Le modèle d’anarchie organisée a également été critiqué par Eisenhardt (1992) et Friedberg (1993). Ils reprochent au modèle de n’avoir été appliqué qu’à des études de cas, ce qui entacherait sa validité et pourrait limiter sa valeur à l’explication de variance résiduelle dans des observations plus scientifiques. Pour Friedberg (1993), le modèle de la poubelle ne doit pas être pris à la lettre. Son intérêt essentiel est de focaliser l’attention sur l’ambiguïté fondamentale qui caractérise les situations organisées comme tout contexte d’action. Toutefois, pour Romelaer (1994), il ne faut pas nier la valeur de l’observation et de la modélisation du réel, et on ne peut pas montrer l’absence de valeur du modèle, puisque les études de cas sont bien réelles. L’autre critique qu’ils émettent est, que le modèle ne serait applicable qu’à une classe étroite d’organisations, or, nous avons vu plus haut que l’application des critères est plus large qu’il n’y paraît, ce qui démontre le contraire.

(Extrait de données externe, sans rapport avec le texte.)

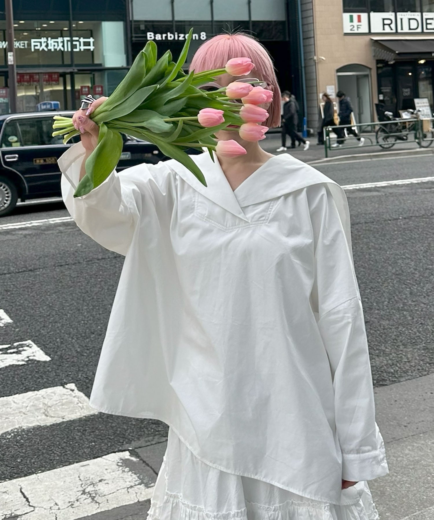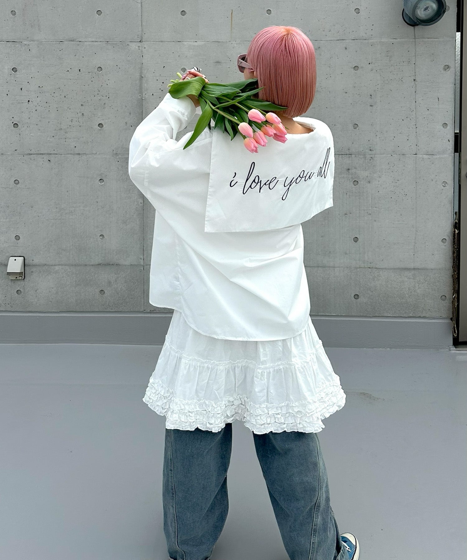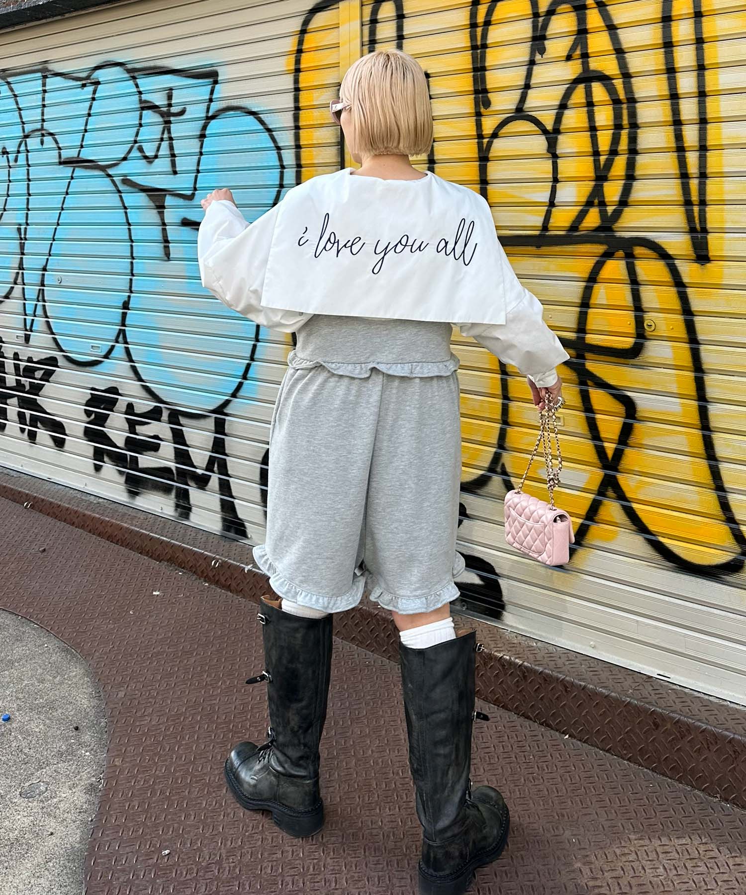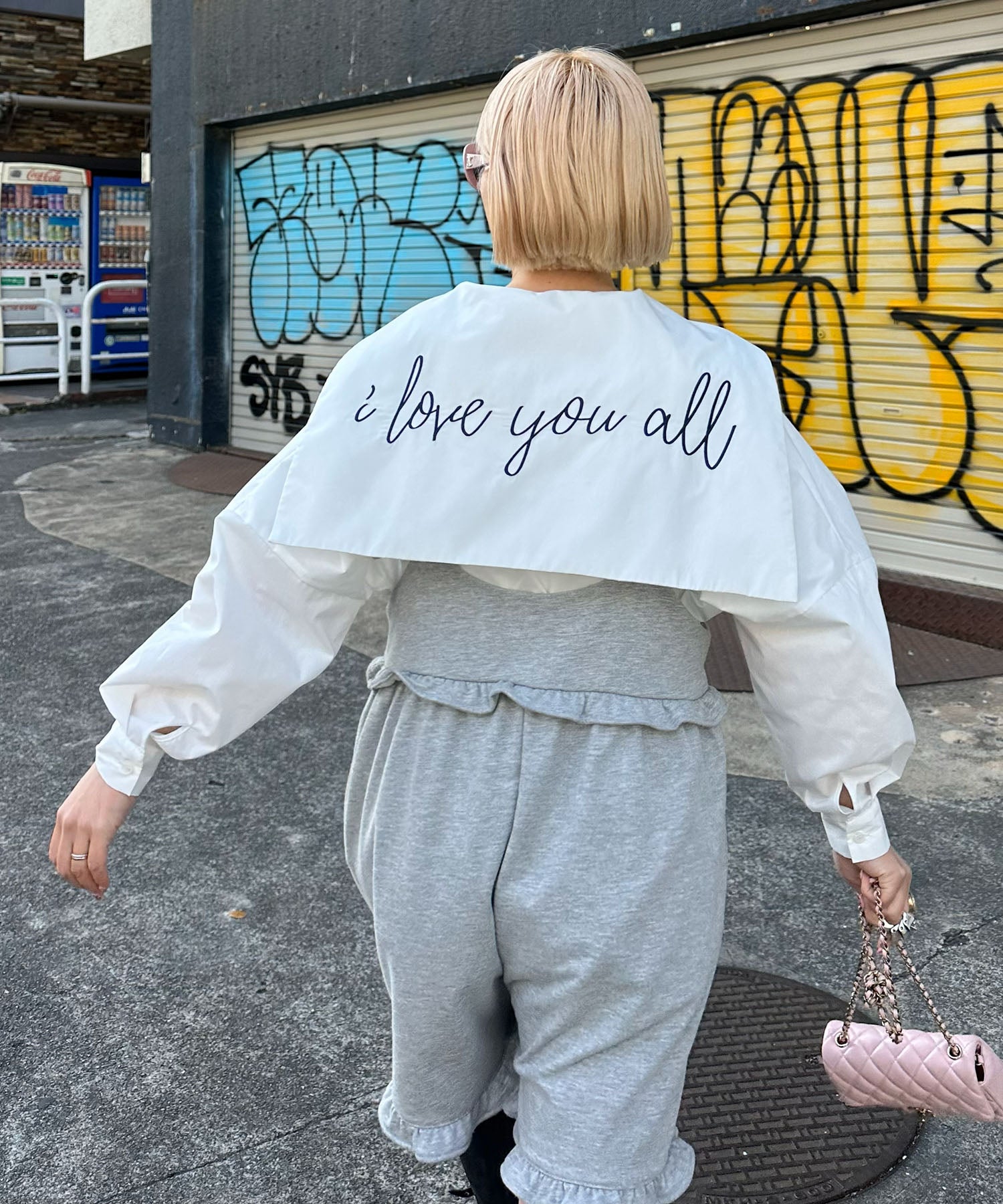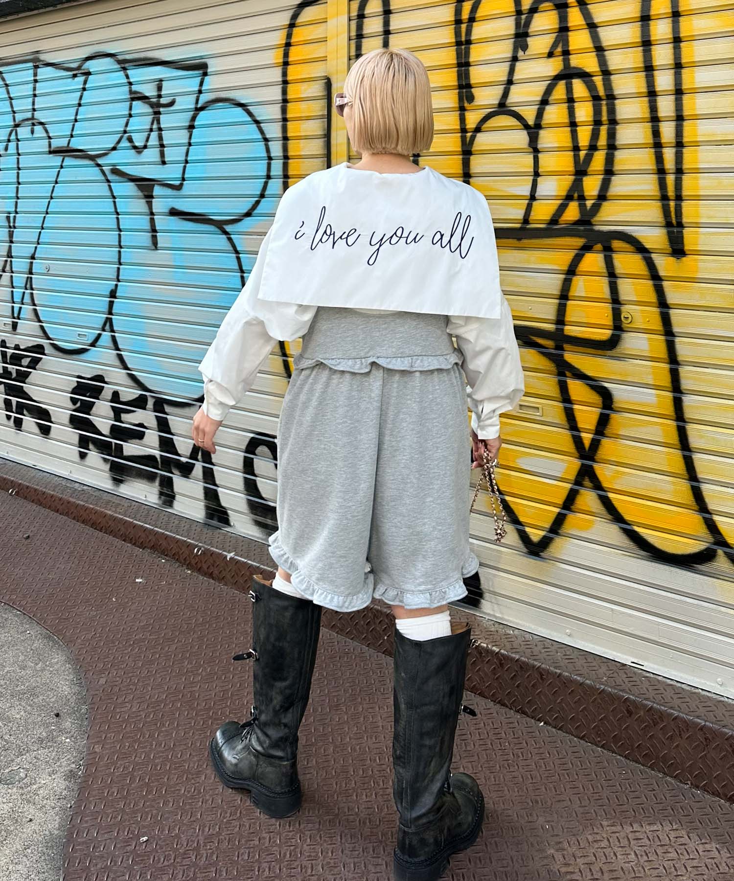 ・大きめのセーラー衿に施されたメッセージロゴが可愛く、後ろ姿まで抜かりなし

Les autres critiques faites au modèle sont qu’il est imparfaitement opérationnalisé et spécifié, qu’il n’y a pas de prise en compte des opportunités, ni des comportements innovateurs. Des éléments qui vont être complétés dans la mobilisation du modèle dans d’autres études.

Pour Romelaer (1994), la réalité du fonctionnement des organisations n’est pas simple, les chercheurs, comme les praticiens, la comprennent mal. Selon lui, l’analyse ne progressera pas

en élaborant des modèles réducteurs, mais en allant de façon obstinée et patiente à la recherche des concepts fondamentaux dans des cas concrets, même si en chemin les vérités mises au jour paraissent dérangeantes par rapport aux idées convenues.